Iranian Air: Smoggy and Shoddy
Getting into Iran represents a pilot's nightmare. The capital city of Tehran has some of the worst air quality in the entire world, behind only the worst industrial cities of India and China, making it supremely difficult to navigate and land a plane by the old-fashioned eye test. Worse still, once a piece of equipment breaks or malfunctions, you need a hefty dose of luck in order to find a replacement in the Islamic Republic. That's because the Iranian aviation industry has been heavily ravaged by supply shortages brought on by a critical lack of heavy engineering, leading to outbound flights turning to the black market in order to scrounge necessary parts whenever a plane cannot lift off on its own power.
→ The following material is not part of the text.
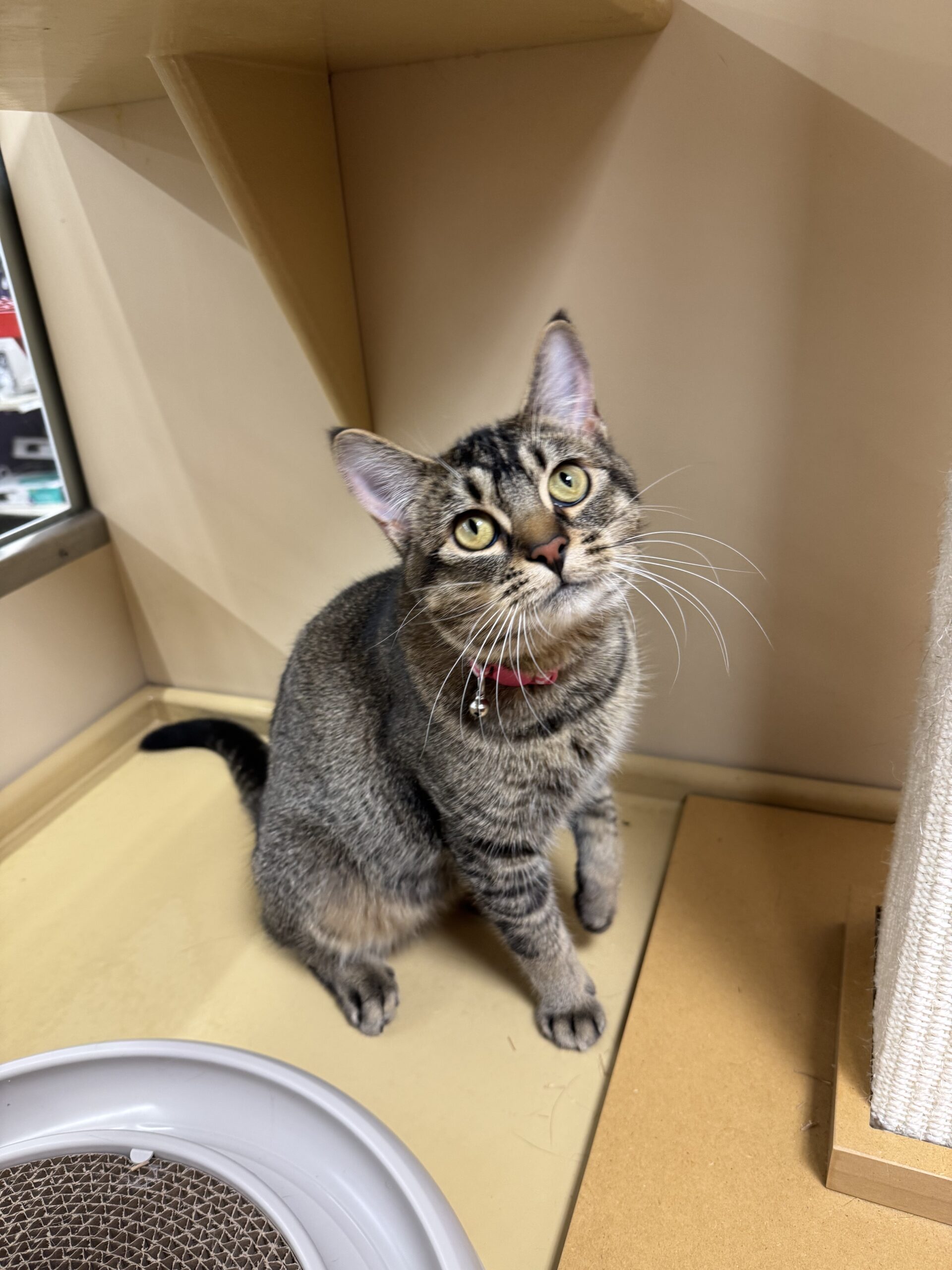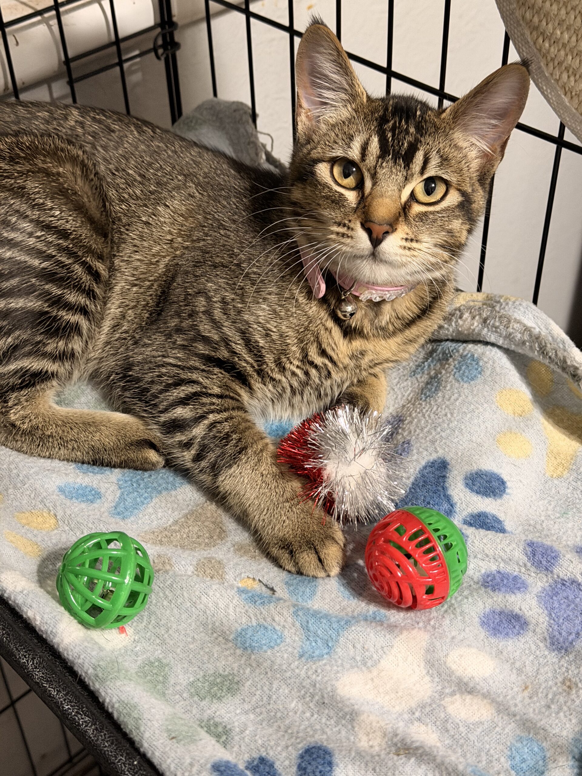 She's spunky, confident, adventurous, and still melts into love and affection! She’s the kind of kitten who wants to be involved in everything, explore everywhere, and then curl up close like she didn’t just conquer the entire house.

Mahan Air, for instance, the second-largest aviation firm in Iran, had to purchase nine defunct Airbus jets from an Iraqi criminal syndicate in order to salvage the necessary components for their own fleet. Iran averages one and a half plane crashes per year, one of the worst operating records in all the world, claiming some 500 passenger and crew lives within the past 15 years alone. Iran Air's fleet of planes stand at 26 years of age on average, about twice as old as the average American passenger jet en route through the skies over our heads. The series of sanctions placed on the growing Iranian nuclear threat meant further bad news for the aviation industry, but also the chance to blame western enemies whenever a pilot error or computer malfunction or faulty part turned an ordinary flight into a set of statistics. With the close of these sanctions, however, Iranian aerospace will happily turn to American corporate structure in order to get all their necessary supplies, meaning a new slice of big business for the fattest of cats at the aviation table.
By Executive Order
Access to American business represented one of the most tantalizing carrots put on the negotiating table by President Obama. While no US business can directly sell or market goods in Iran -- much like our embargo with Cuba -- shell companies can sell cut-down versions of products ranging from Coca-Cola to 797 engine spark plugs through multiple middlemen. With the end of some or all of the economic sanctions on Iran, the rapidly-aging fleet of airplanes patrolling Iranian skies will get a lot of welcome relief. The Joint Comprehensive Plan of Action, the official name for the diplomatic treaty that eliminates sanctions at the cost of Iranian nuclear sovereignty, specifically permits the sale of aviation parts to Iranian vendors. That's great news for the biggest companies like Boeing (BA on the NYSE, trading for $147.45 a share), whose share price has risen by over ten percent in the first half of 2015. The same goes for Airbus (AIR on the Euronext Paris Exchange, trading for $62.99 a share), who have seen growth of some fifty percent since 2014. The growth potential of aviation stocks, and affiliated heavy aerospace engineering firms, in tandem with the Iran deal make for a perfect opportunity for portfolios that suffered from the May market correction. There's ample reason to be optimistic about the investment: Iran wants to market their airport facilities as the ideal bridging point for flights ranging from Europe to Eastern Asia, Africa to Australia, a badly-needed move to catch up with the United Arab Emirates's current standing as the most-connected flight path in the world.
Iran has happily traded nuclear dreams for aviation realities. Whether the US has dodged a nuclear bullet or whether we've been hoodwinked, our industries will nevertheless reap a profit from the opening of this new market of 80 million consumers. Iran needs aircraft in the worst possible way, with an estimated one hundred deliveries per year for the next five years needed in order to get their air fleet up to standards. At a time when Boeing is struggling to find customers for some of their new jets, including the expensively-plush 747-8, that's as welcome news as the sound of a jet engine itself. Investors can profit by turning to some of the bigger aviation firms and affiliates. As two examples, General Dynamics (GD on the NYSE, trading for $146.02 a share) will represent a likely source of aviation electronics and onboard systems, while the Goodrich Petroleum Corporation (GDP on the NYSE, trading for $.96 a share) offers bargain-priced shares of a company that manufactures engine pumps, passenger safety features, and anti-icing gear. Aviation stocks represent a great value buy for a large new market that's eager for a new set of just about everything in the product catalog.